In 2050, time travel is a reality. Air force pilot Adam Reed (Ryan Reynolds) steals a fighter jet and travels back to 2022. He reconnects with his 12-year-old self (Walker Scobell), a 6th grader frequently bullied at school. Young Adam is mouthy, and his relationship with his mother Ellie (Jennifer Garner) has been strained ever since his father Louis (Mark Ruffalo) died in a car crash. Louis was a physics researcher who developed theories enabling time travel.
The older Adam is on a personal mission to find his wife Laura Shane (Zoe Saldana), a pilot who traveled back in time to prevent the evil Maya Sorian (Catherine Keener) from taking control of the time travel industry. With Sorian and her goons in hot pursuit, both Adams travel back to 2018 where they will try to convince Louis to stop the science of time travel before it starts.
Directed by Shawn Levy with four writers collaborating on the script, The Adam Project tries to be all things to all people, and the results are unsurprisingly middling. Ryan Reynolds delivers the expected snide comments, familial poignancy underpins the action, and Catherine Keener offers up the stock villain with evil ambitions to rule the world. For the easily impressed and attention-span challenged, CGI-enabled time travel thrills and bloodless combat action show up about every eight minutes. An invade-and-destroy-the-fort climax is a tired exercise in CGI excess.

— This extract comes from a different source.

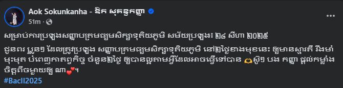 នៅសល់ ២ ថ្ងៃទៀតការប្រឡងសញ្ញាប័ត្រមធ្យមសិក្សាទុតិយភូមិនឹងមកដល់។ បណ្ដាសិស្សានុសិស្សថ្នាក់ទី ១២ ទាំងអស់ទាំងនៅក្នុងក្រុង និងតាមបណ្ដាខេត្តបានត្រៀមខ្លួនយ៉ាងរួចរាល់ ដើម្បីប្រយុទ្ធក្នុងសមរភូមិដ៏ក្ដៅគគុកមួយនេះ។ ឆ្លៀតក្នុងឱកាសនេះ សុគន្ធកញ្ញា បានសរសេរជាសំណេរលើកទឹកចិត្តនិងជូនពរពីចម្ងាយដល់សិស្សដែលត្រូវប្រឡងបាក់ឌុបក្នុងឆ្នាំសិក្សា ២០២៥ នេះឱ្យទទួលបានលទ្ធផលជាទីគាប់ចិត្តក្នុងការប្រឡង។

None of this makes the film bad, just frustratingly manufactured and beset by whizz-bang flakiness. In the quiet moments between mashups of Star Wars, The Terminator, and Back To The Future, themes of loss, love, care, and absenteeism do break through. The cast is sufficiently talented to thrive away from the green screens, and the human-centred relationships between Adam, his parents, and his wife border on excellent. The older Adam imparting wisdom through a heartfelt chat with his unsuspecting mom represents a fine scene. The sacrifice Adam and his wife Laura are forced to confront adds soul to their adventure, hinting at the undefined yet keenly sensed bond of human familiarity transcending time and space.The Adam Project is noticeably numb when it mindlessly races to the next round of digital combat, and appreciably better when it pauses to reflect.